↓↓↓
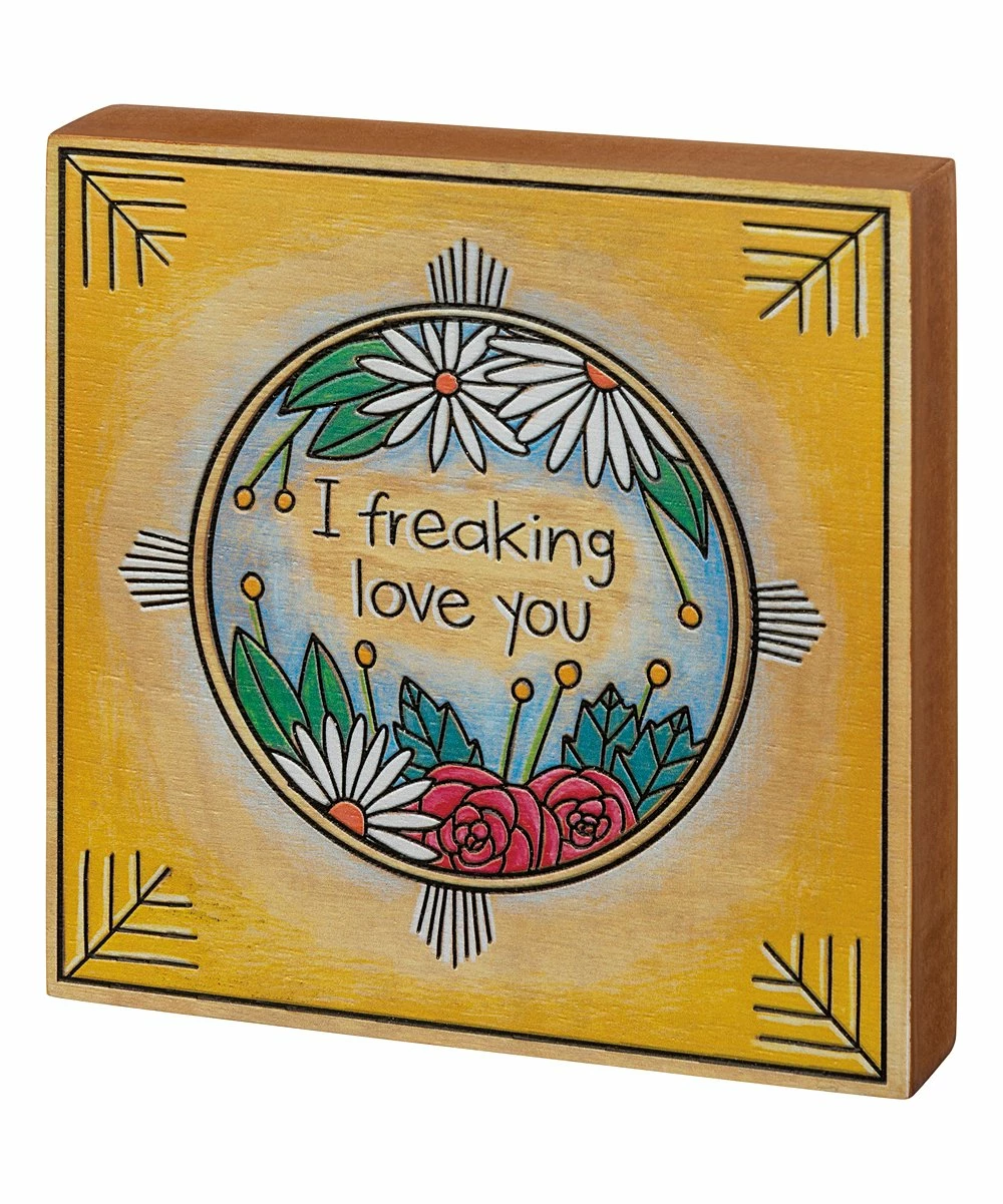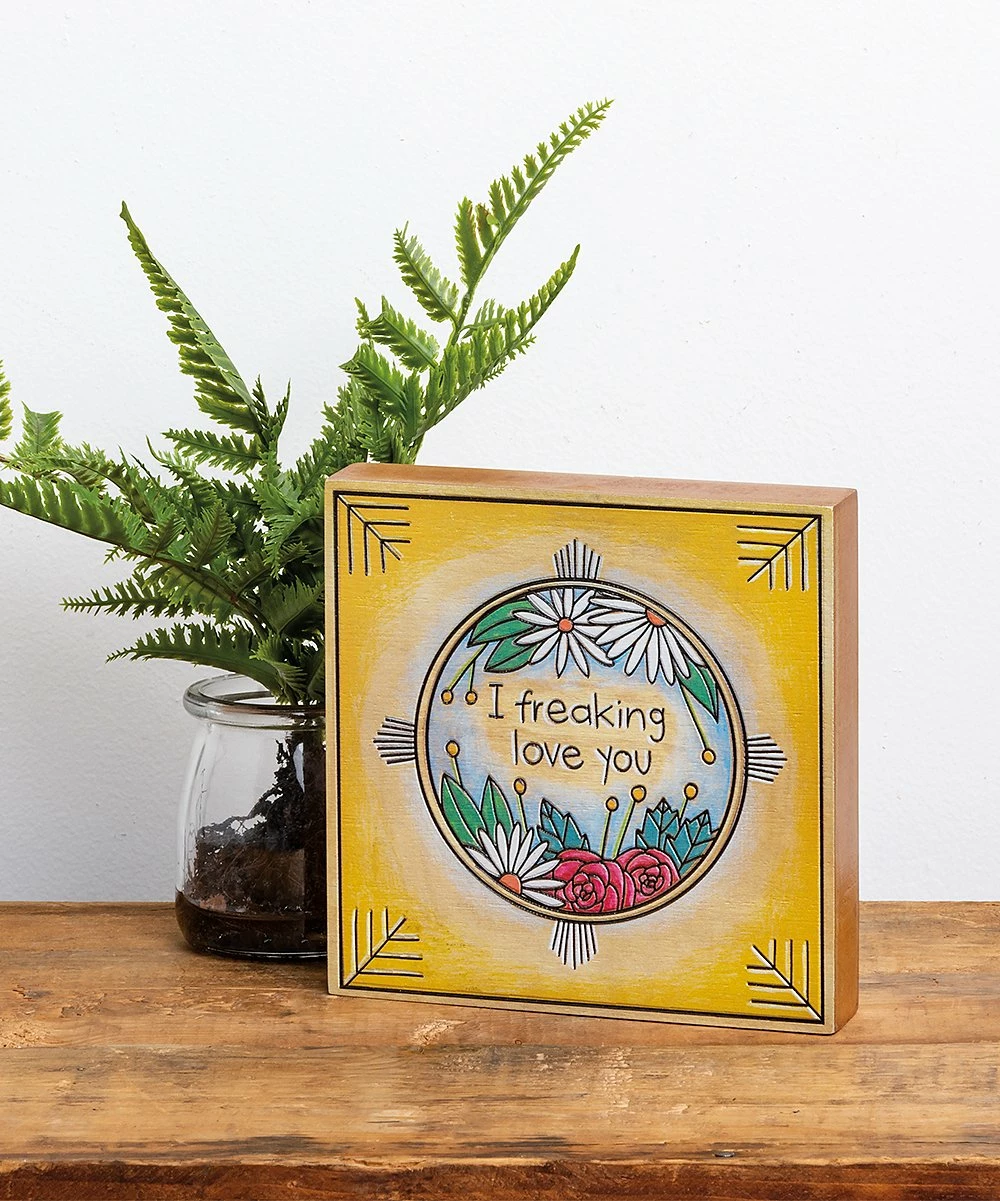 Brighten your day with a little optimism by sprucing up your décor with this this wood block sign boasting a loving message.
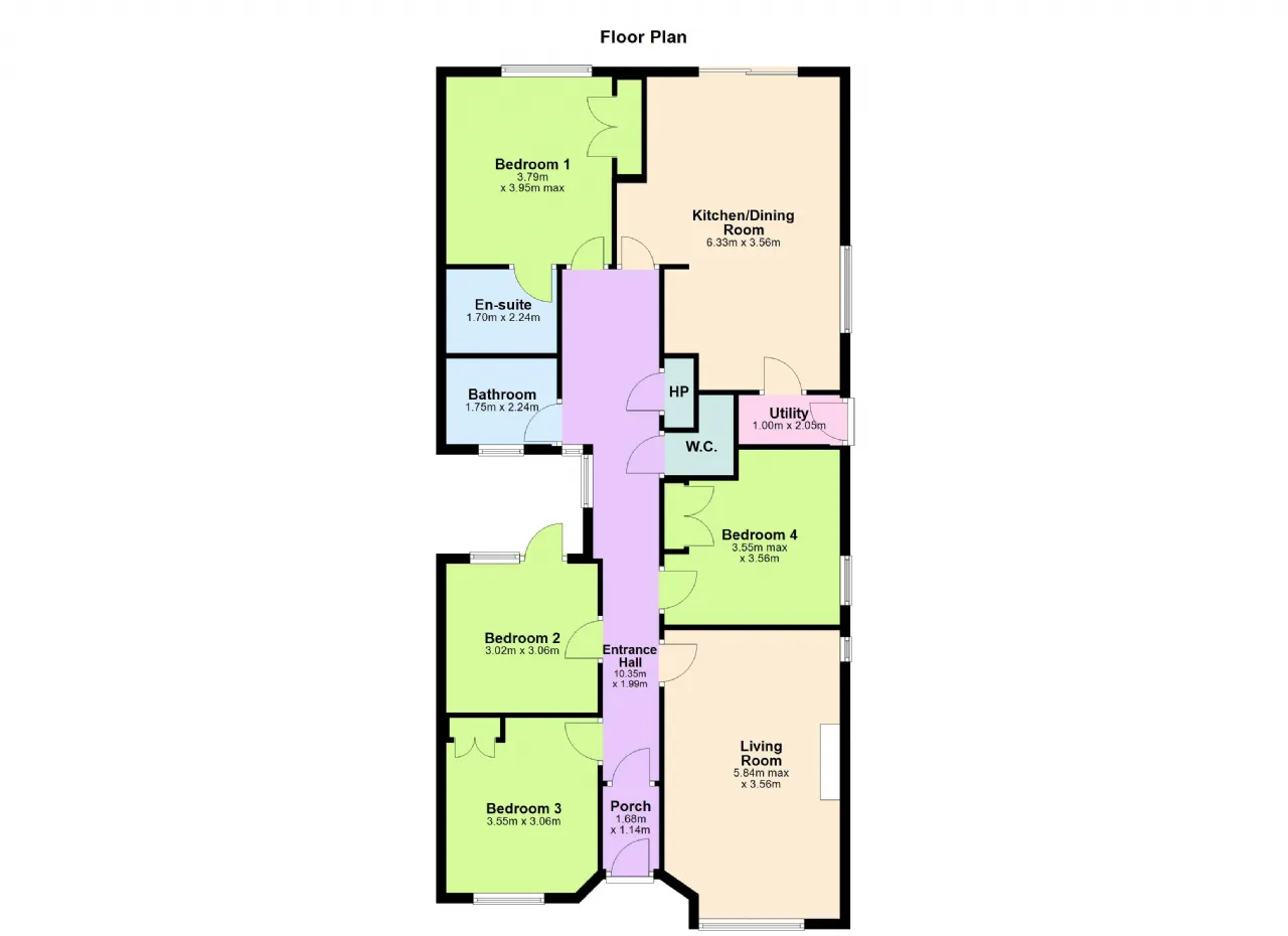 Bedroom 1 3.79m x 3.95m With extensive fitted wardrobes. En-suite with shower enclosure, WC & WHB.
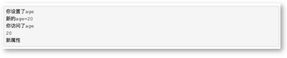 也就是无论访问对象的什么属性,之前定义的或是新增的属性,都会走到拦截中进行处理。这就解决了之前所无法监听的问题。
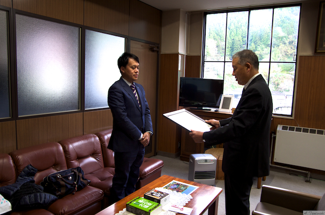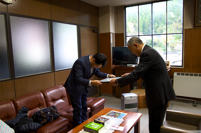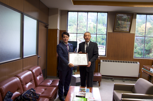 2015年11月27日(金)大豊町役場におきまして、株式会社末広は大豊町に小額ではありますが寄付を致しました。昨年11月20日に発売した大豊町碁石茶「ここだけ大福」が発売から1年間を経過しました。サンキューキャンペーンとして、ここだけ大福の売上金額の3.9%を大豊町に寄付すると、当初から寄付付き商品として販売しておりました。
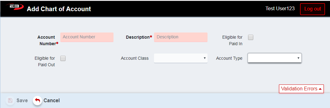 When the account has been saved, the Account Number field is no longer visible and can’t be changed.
↑↑↑
#### [The problem]
Output the lines above verbatim, images excluded.

#### [Answer to this exercise]
 Brighten your day with a little optimism by sprucing up your décor with this this wood block sign boasting a loving message.
 Bedroom 1 3.79m x 3.95m With extensive fitted wardrobes. En-suite with shower enclosure, WC & WHB.
 也就是无论访问对象的什么属性,之前定义的或是新增的属性,都会走到拦截中进行处理。这就解决了之前所无法监听的问题。
 2015年11月27日(金)大豊町役場におきまして、株式会社末広は大豊町に小額ではありますが寄付を致しました。昨年11月20日に発売した大豊町碁石茶「ここだけ大福」が発売から1年間を経過しました。サンキューキャンペーンとして、ここだけ大福の売上金額の3.9%を大豊町に寄付すると、当初から寄付付き商品として販売しておりました。
 When the account has been saved, the Account Number field is no longer visible and can’t be changed.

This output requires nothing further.